A change in the ban on homosexuality has been staunchly opposed by the
longtime chancellor of the Jewish Theological Seminary, Rabbi Ismar
Schorsch. But Rabbi Schorsch is retiring in June after 20 years, and his
successor could greatly affect the policy. Rabbi Schorsch declined to be
interviewed for this article. Several Conservative officials said that
while Rabbi Schorsch is not a member of the law committee, he is very
involved in its deliberations on this issue.
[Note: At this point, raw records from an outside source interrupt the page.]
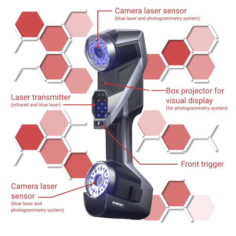 The inclusion of infrared laser and the built-in photogrammetry system makes the KSCAN-E standout from all other 3D scanners in its class. The infrared laser brings to the table the ability to scan large objects the size of a turbine, while the photogrammetry system helps maintain a high volumetric accuracy when scanning those large objects.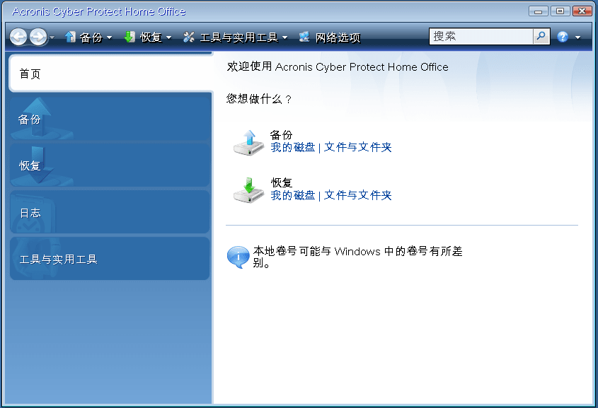 - 从可启动媒体启动,并选择 Acronis Cyber Protect Home Office。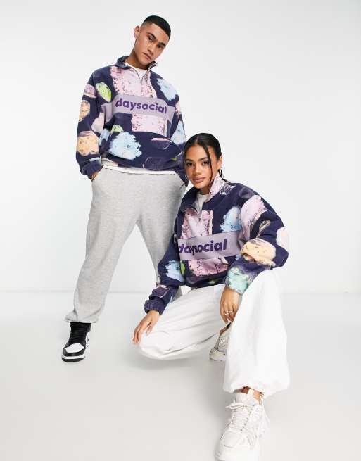 ASOS Day Social unisex quarter zip sweatshirt in all over print polar fleece with logo panel in navy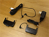 | 付属品は、iPhone用ホルダー(ヘッドホン端子の向きで2種類ある)や接続ケーブル2種類、ACアダプタと一通りが揃っている。プレーヤーとヘッドホンやアンプ内蔵スピーカーがあれば、購入後すぐに遊べる | iPhone用ホルダーを本体に装着した状態。こう設置すると、ターンテーブルなどを操作しながらでも、iPhone側での選曲が楽にできる |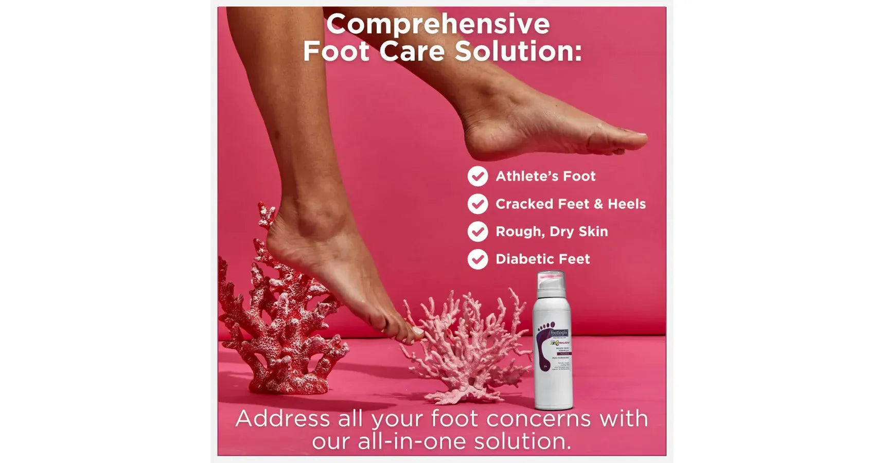 Footlogix® Rough Skin Formula (Mousse):A lightweight, fast-absorbing mousse that deeply hydrates rough, dry feet and helps restore skin texture with regular use.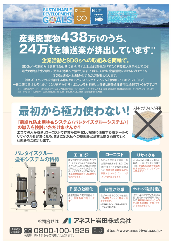 【石川商事メルマガ2022年12月】SDGs 荷崩れ防止用塗布システムでストレッチフィルムごみを削減しませんか?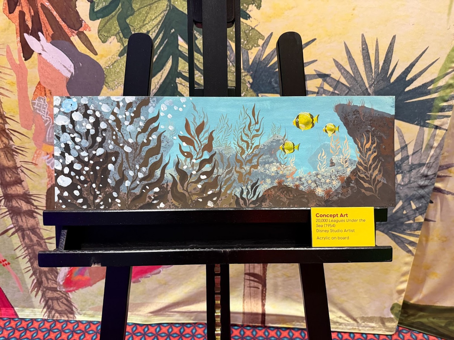 One section displays concept art from a number of classic Disney films, such as The Three Caballeros, Swiss Family Robinson and 20,000 Leagues Under the Sea.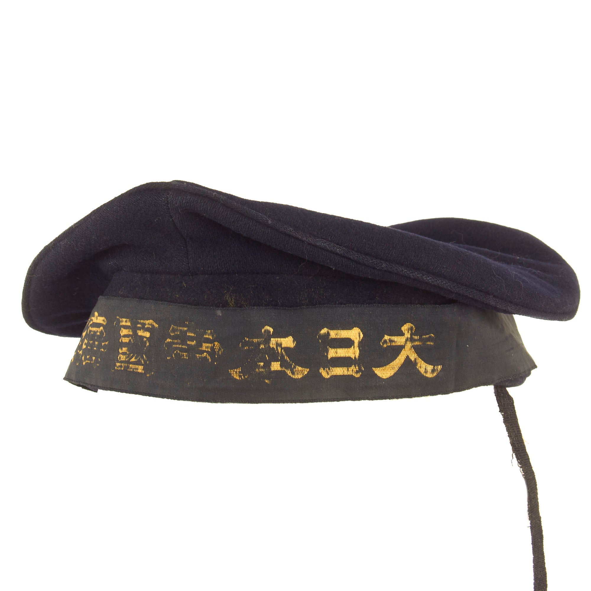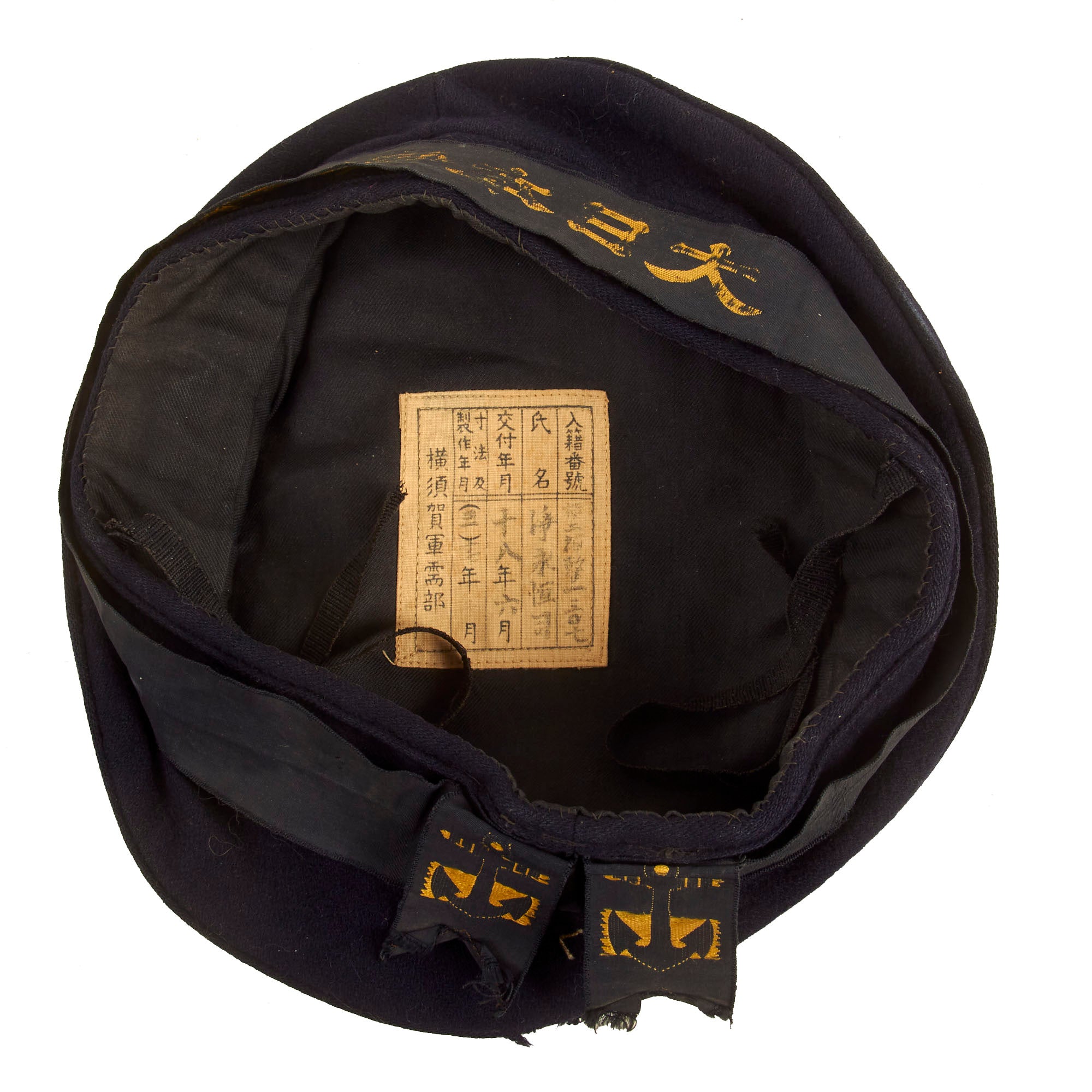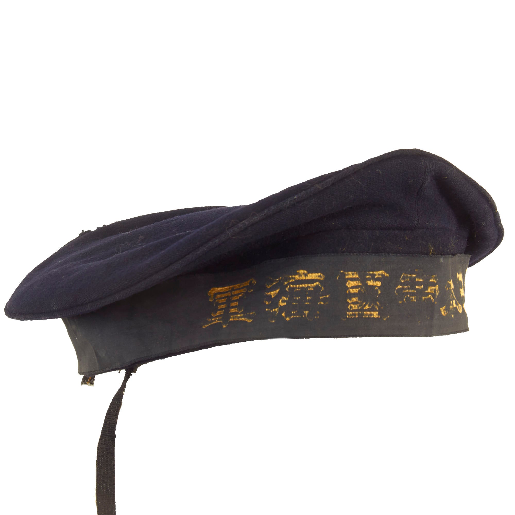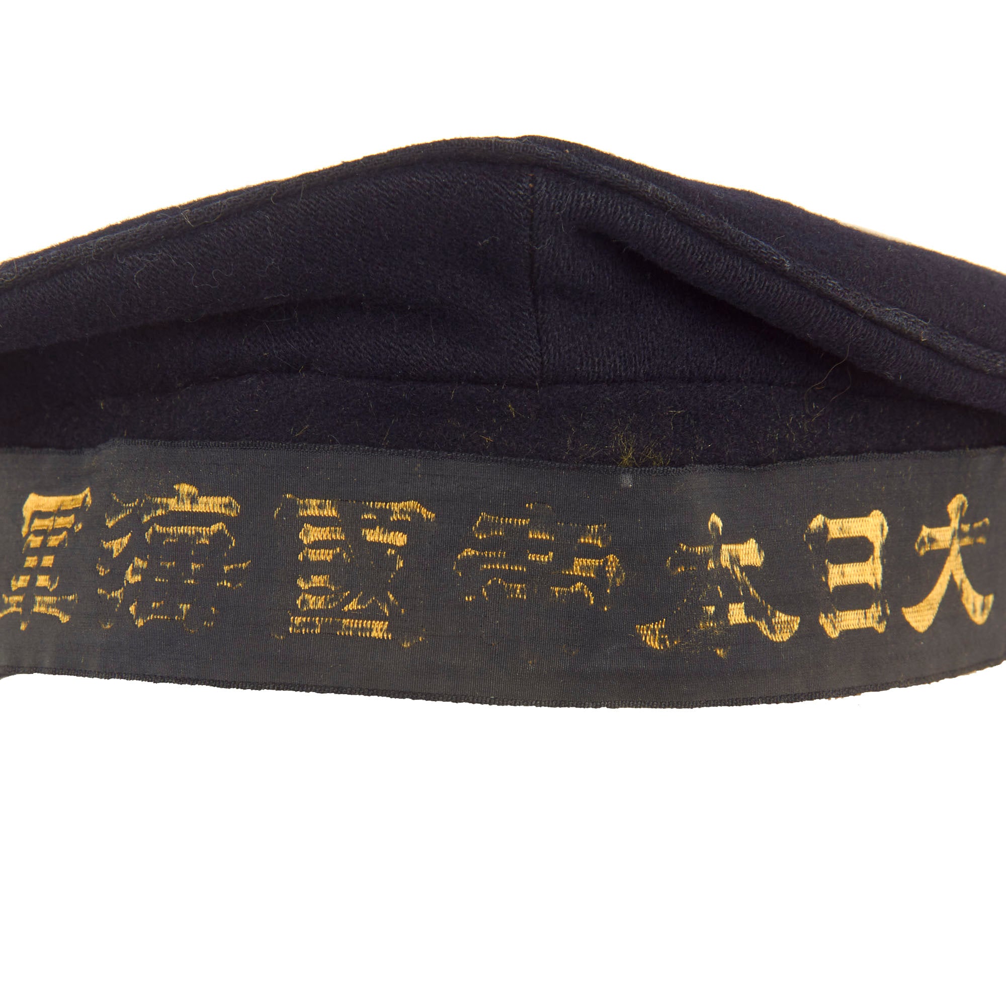 Original Item: Only One Available. Issue quality IJN enlisted hat in dark blue navy wool. Standard cap tally of embroidered golden characters on a black ribbon and two anchors. The talley present is the standard “GREAT JAPAN IMPERIAL NAVY”. The embroidery is still mostly legible but as you can see from, the photos there is thread loss.
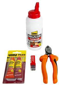 Fasertechnik-Installationskit. Bestehend aus: 1x Schneidwerkzeug zur Kürzung der Faser S0, S2 und S3 1x Bohrersatz bestehend aus 10 Bohrern 1,1 mm für Faser S0 1x Holzleim zur Verklebung von PMMA-Fasern 1x 2-Komponenten-Kleber zur Verklebung von PMMA-Fasern.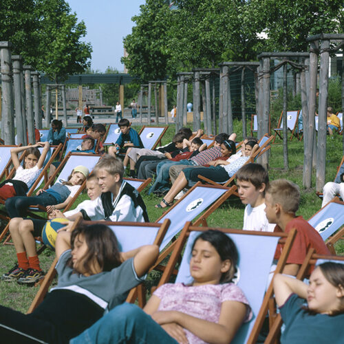 Placed in the middle of the park is a light-blue container with 100 light-blue deckchairs that supplement the seating possibilities in the park in the summer. For three weeks, visitors can borrow a deckchair each day and find a place to sit wherever they would like. The appearance of the site is structured by the locations that visitors select. New favourite places come into being, people sit together, and sitting in the park takes on new forms each day. The restrained reaction to this offer becomes a barometer of sensitivities that clearly show how dissatisfied many residents are with the untended condition of the park. The container of the Werkstatt für Veränderung (Workshop for Change) becomes the address for these grievances, which, consequently, also occupy all the administrative participants and become a theme that accompanies the project as a whole.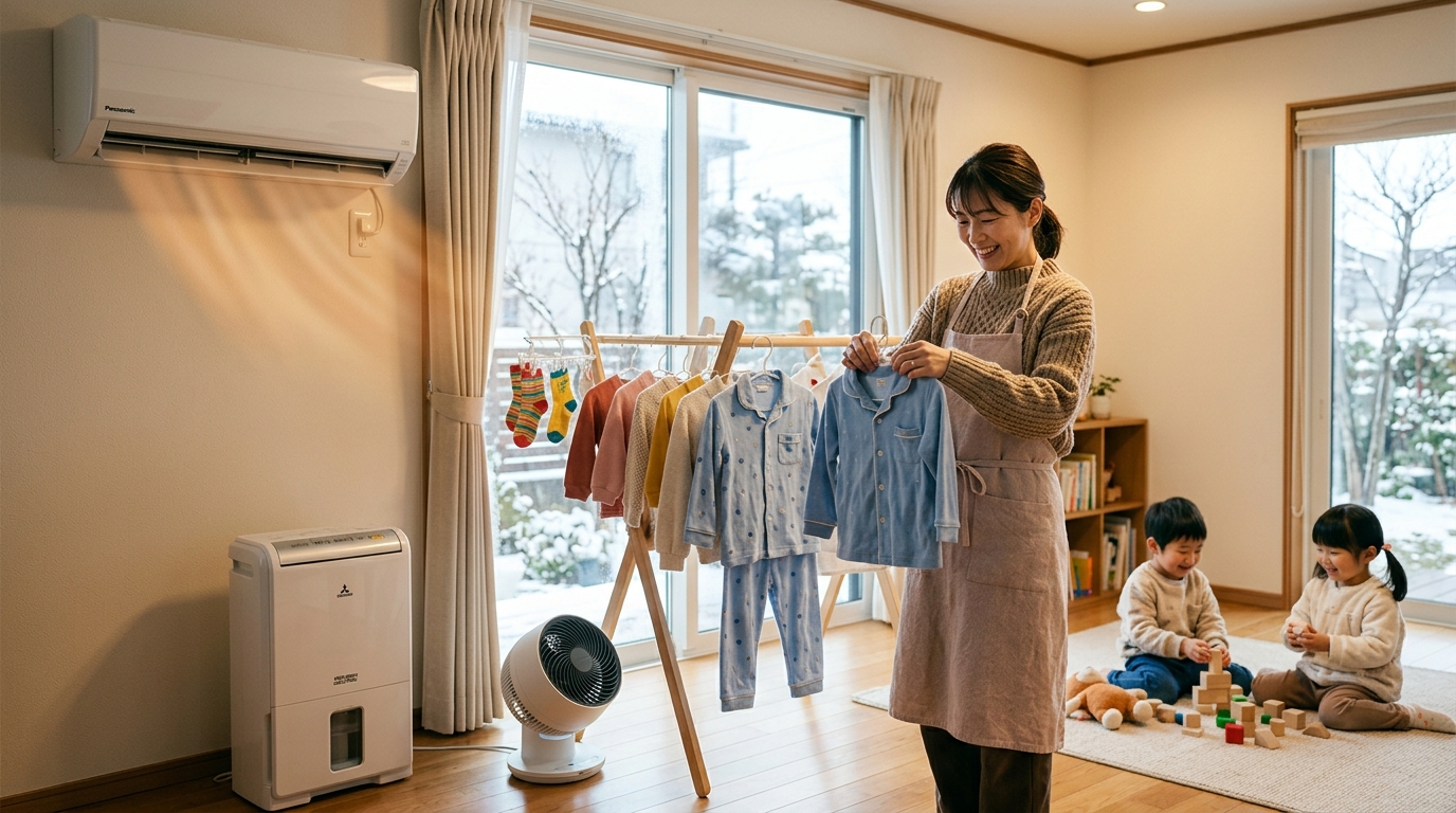 朝、子供たちのパジャマを取り込もうとして、ひんやりとした感触にがっくり肩を落とす。外の気温は10度以下、部屋の中も暖房をつけているとはいえ、なかなか洗濯物が乾きません。特にうちには活発な子供が2人いるので、毎日たくさんの洗濯物が出るんです。冬場は乾きにくさに加えて、生乾きの嫌な臭いがついてしまわないか、雑菌が繁殖しないかと心配が尽きません。せっかくきれいにしたはずの服が、もう一度洗い直したくなるような気持ちになってしまうことも。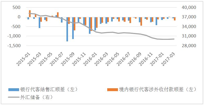 国际通行口径下跨境资本流动一般用国际收支平衡表中资本和金融项目来衡量,资金流动的最后结果表现在储备资产项目下,2015年外汇储备大规模减少,2016年下半年外汇储备连续7个月下降,2017年3月末官方外汇储备连续两个月小幅回升至3万亿美元。宽口径下资本流动一般通过结售汇和跨境收付数据来衡量,跨境收付数据主要反映企业和个人通过银行办理的对外收付款;银行代客结售汇主要反映企业和个人在实现上述跨境资金收付前后,从银行购汇或者结汇的数额。从二者数据来看,资本流出较严重的时期是2015年8.11汇改,以及2015年底的人民币汇率贬值时期,2016年银行结售汇和境内银行代客涉外收付款逆差规模明显收敛。此外,从2016年5月开始,银行代客涉外收付款差额大于银行代客结售汇差额,表明居民与非金融企业出售的外汇资产低于他们通过跨境交易获得的外汇资产,居民与非金融企业更加倾向于持有外币资产。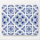 This product has an intricate design with a dark blue background and white ornamental patterns. The design is reminiscent of traditional ceramic or porcelain styles, which may interest those who appreciate classic or vintage aesthetics.
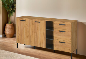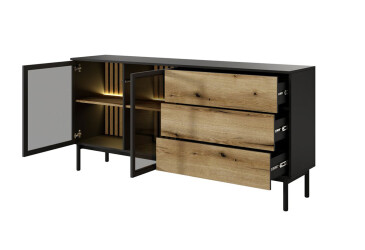 - Perfect Home, ламінована ДСП, ламінована ДСП, телескопічні напрямні повного висуву, модерн, дуб артизан / антрацит, з 3 шухлядами, з дверцятами.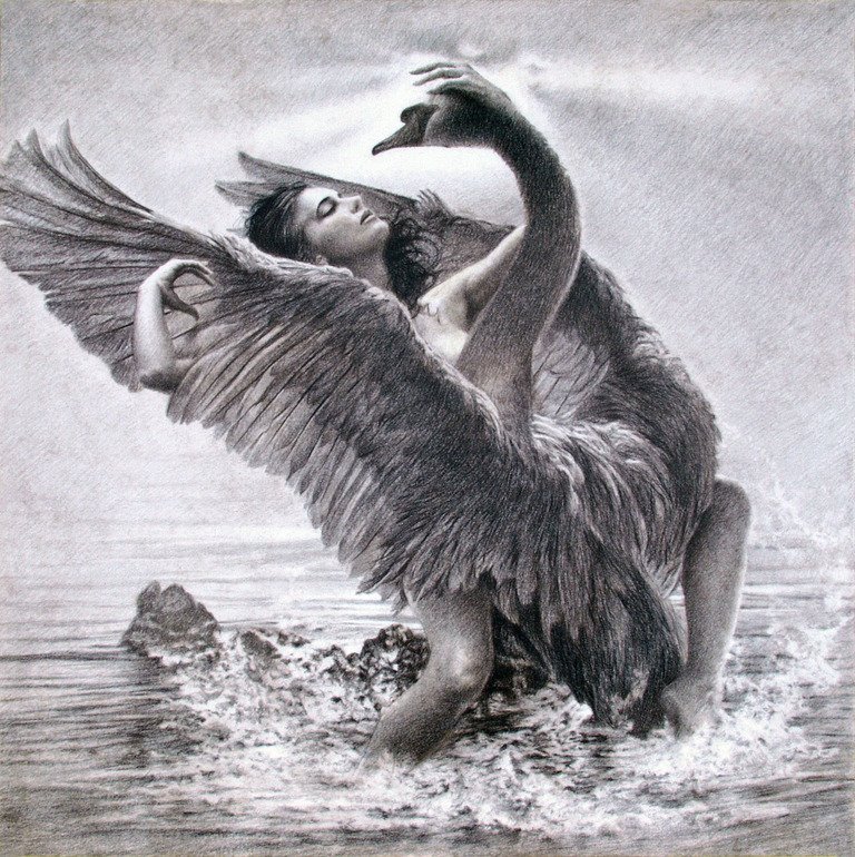 ТАНЕЦ ЛЕБЕДЯ И ЛЕДЫABRAXASСолнце золотое блещет,Ярки небеса. Леда стонет и трепещет, Закатив глаза. По челу ее струится Благовонный пот. Белокрылый лебедь-птица Ей пронзает плоть. Он ласкает Леде груди И волнует пруд. Этот танец после люди "Танго" назовут. |

If the law committee does not vote to change the prohibition, some rabbis
said, the issue could resurface at the Rabbinical Assembly's convention
March 19-23 in Mexico City.
Many students at the seminary say they find the gay ban offensive and
would welcome a change, said Daniel Klein, a rabbinical student who helps
lead Keshet, a gay rights group on campus. "It's part of the tradition to
change, so we're entirely within tradition," he said. Mr. Klein said that
even if the law committee did not lift the ban this week, change would
come eventually.
"Imagine what will happen 10 years from now when some of my colleagues are
on the law committee, when people from my generation are on the law
committee," he said. "It's not going to be a close vote."